Ama bu günlere Cumhuriyetin özellikle 1945 sonrası yaşadığı süreç ile geldik.
Kurucu babaların teknik olarak merkezden perifere yani çevreye yayılan kültür devrimi sonuca çok yakınken demokratikleşme adına dayatılan kavramlar kendine dayanak olarak İslam dinini almıştı.
Türkçülük maceramızda olduğu gibi ne yazık ki İslamcılık maceramızda her hangi bir sosyolojik tabana oturmuyordu.
Türk olan bir kavme Türkçülüğü kabullendirmek çok zor oldu.
Eğer bu hamle periferden merkeze olsaydı belki Türkçülük de başarılı olabilirdi.
Sonuçta bir çok ulus ile iç içe yaşayan bir halkı kendi kimliğine uyandırmak çok bedel ve çalışma ister.
Bunun gibi zaten Müslüman olan bir kavme ayrıca İslamcılık dayatmak da bir bedel ve zaman gerekliliğidir.
Tüm bunlar kimliksizleştirilen ve Türkçülüğü ile İslamcılığı yada dindarlığı çeşitli fraksiyonlara bölünmüş kitlede sonuca ulaşmak adına zor olur.
Bunun sonucu mutlak ayrışma belki de çatışmadır.
İslam Cumhuriyetine gelince, İran gibi homojen dini taassubun olduğu yerler buna teşne olabilir.
Ya da güney Arabistan yani hicaz devletleri gibi yönetim anlayışı yatkın olanlar çok sırıtmaz.
Kökü Müslüman Kardeşler anlayışına dayanan ılımlı İslam Devleti olan Mısır gibi.
Burada bile 1928 itibarıyla örgütlenmeye başlayan kardeşler ikinci dünya savaşında İngilizleri reddettikleri için bir türlü amaca ulaşamasalar da gönülleri hoş olsun faslından şeriatla yönetilirler.

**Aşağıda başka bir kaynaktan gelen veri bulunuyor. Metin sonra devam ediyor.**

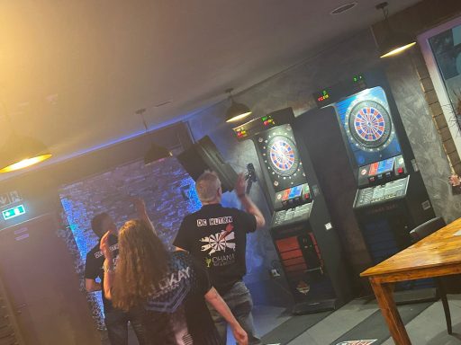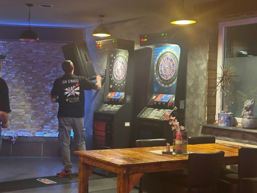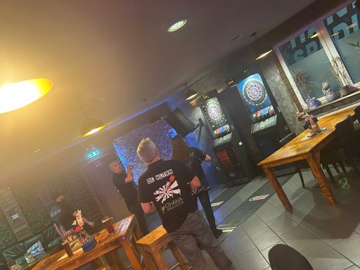 Eine Stunde später ging es los. Nach der Begrüßung begannen wir mit Jörga und Thomas im ersten Doppel, was wir mit 2:0 legs gewinnen konnten.

Muhsin Yazıcıoğlu’na “sen çok dürüstsün ondan sana oy vermiyoruz” diyen tarikat şeyhinin tercihinden de anlaşılacağı üzere bu ülkede hiçbir siyasi kimlik üzerinde uzlaşılıp halife seçilemediği gibi İslam devleti de ilan edilemez.
Aksine Demokrat Parti iktidarları ile ara verdikleri devlet nimetine kavuşmanın hazzı dindar yapılar tarafından terk edilemez.
Hele ki birilerinin bunu nasıl üleştireceği kaygısı ortada dururken.
Fettullah Gülen’in içinde bulunduğu darbe kalkışması hala dumanı üzerinde ortadayken tam uzlaşı ham hayaldir.
Bazı ekonomik varyasyonlar yada ekonomi temelli dış ilişkiler tereddüte yol açsa da çok anlamlı değil.